AFR NuVenture Resources
- Type: Copper mining
- Traded as: TSX-V: AFR
- Industry: Mining
- Founded: 1980
- Headquarters: Surrey, British Columbia, Canada
- Key people: Donald Nicholson, President
- Products: Copper and cobalt
- Website: www.afrnuventure.com

= AFR NuVenture Resources =

Canadian mining company

AFR NuVenture Resources (formerly African Metals Corporation) is a junior Canadian mining company.

Until 2018, the company undertook exploration and development of copper and cobalt mines in the Katanga Province of the Democratic Republic of the Congo (DRC). AMC's main asset was the Luisha South project.

==History==
===Alpine Exploration Corporation===
The company was listed on 12 May 1980 as Alpine Exploration Corporation.
In 1991 the company was prospecting for gold in west-central British Columbia.
With rising gold prices, in 1995 Alpine Exploration said it was planning to spend $250,000 on exploration of its three properties in northern British Columbia and in Alaska.

===Shiega Resources Corporation===
Alpine Exploration changed its name to Shiega Resources Corporation in November 1997.
In 1998 Shiega was in a joint venture with SAMAX Gold Inc. on the Nkroful gold mining project in Ghana.
Shiega also had an interest in a project in the Tintina Gold Belt, northeast of Fairbanks, Alaska.
That year Shiega was engaged in negotiations for a merger with Aurex AB, a gold miner, but the deal was dropped in January 1999.
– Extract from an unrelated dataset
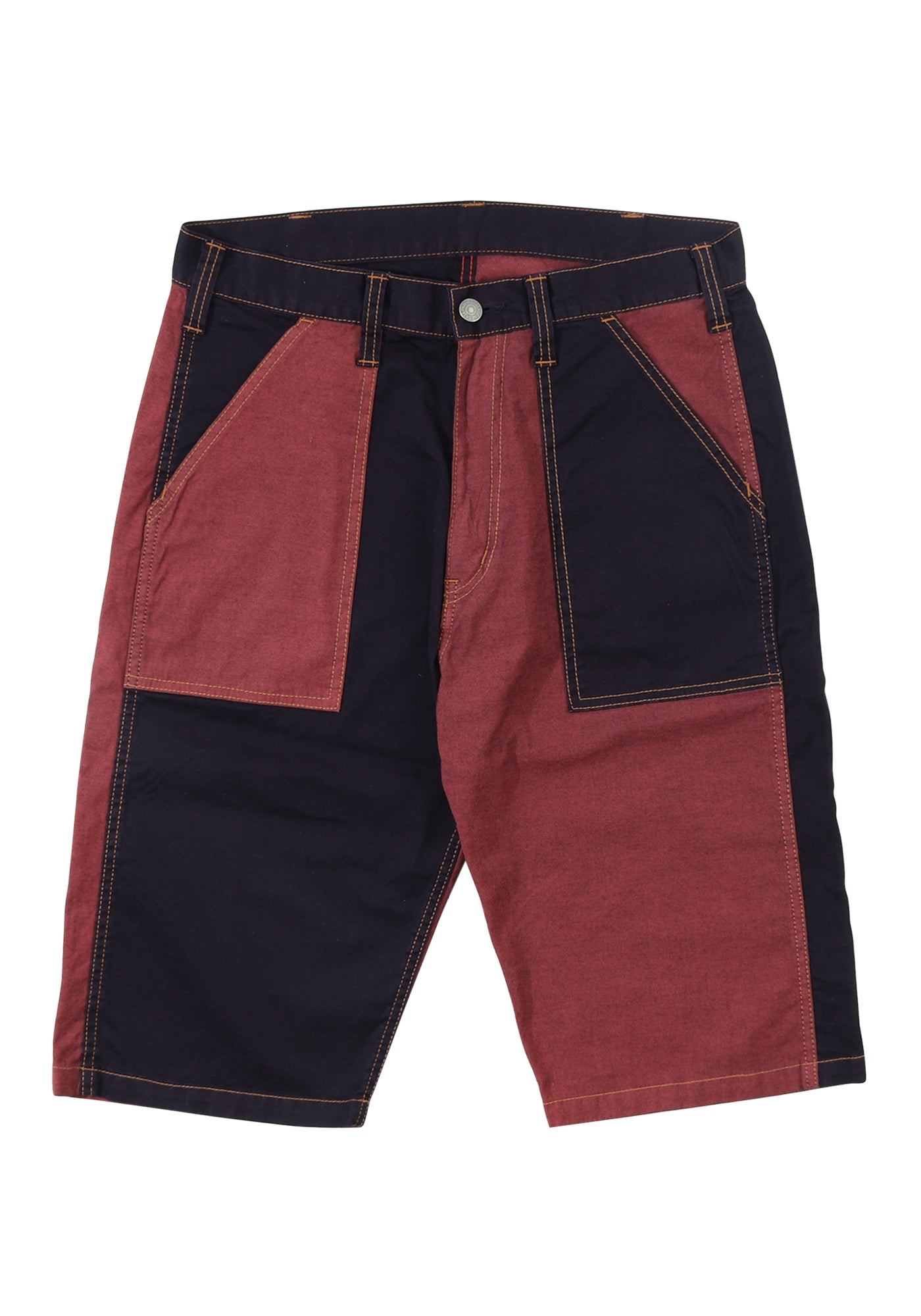 Overdyed multi shorts with fabric switched from one part to another and dyed afterwards. Available in two colors, Sedona orange...

===African Metal Corporation===
Shiega Resources changed the name of the company to African Metals Corporation in January 2000.
Their main property is now the Luisha South concession in Katanga, DRC.
The company also has an option to acquire an 80% interest in eight other properties with an area of about 682 km2.
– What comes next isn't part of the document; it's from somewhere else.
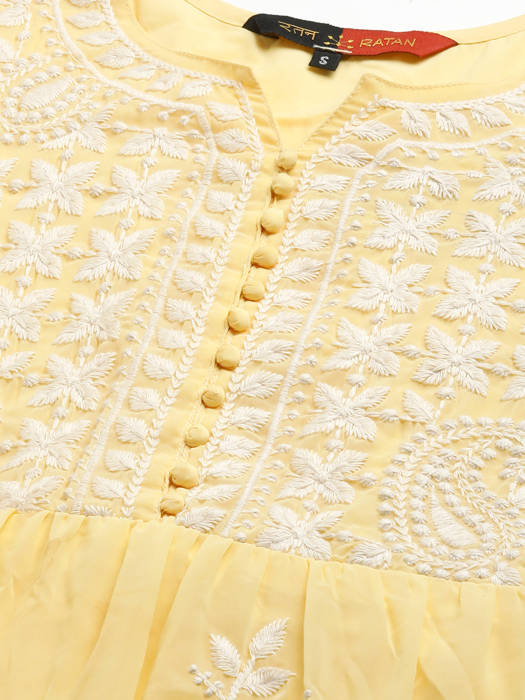 RATAN Women's Solid Georgette Tiered Chikankari Flared Kurti Gown Maxi Dress

In 2018, African Metals agreed to sell all of its assets in the DRC, including mining rights and dense media separation plant to Excellen Minerals SARL and Simeon Tshisangama.

===AFR NuVenture Resources Inc.===
In 2021, the company changed their name to AFR NuVenture Resources Inc..

==Luisha South==

A permit to exploit the Luisha South project was issued in March 2006, and Chevalier Resources acquired 57% of the project. In November 2009 AMC announced a binding letter of intent to buy Chevalier.
In June 2011 African Metals gave an initial estimate for its Luisha South Stockpile.
There was an inferred 370,000 tonnes of ore at 1.0% copper and 0.5% cobalt.
In September 2011 AMC announced it was acquiring another 33% interest in Luisha Mining Enterprise.

In August 2011 the company issued an updated estimate for the project as a whole.
There was an inferred 14.7 million tonnes of ore at 1.1% copper and 0.3% cobalt, giving 161,700 tonnes of contained copper metal and
44,100 tonnes of contained cobalt metal.
In September 2011 African Metals said a subsidiary had purchased a Dense Media Separation plant and other equipment in preparation for mining.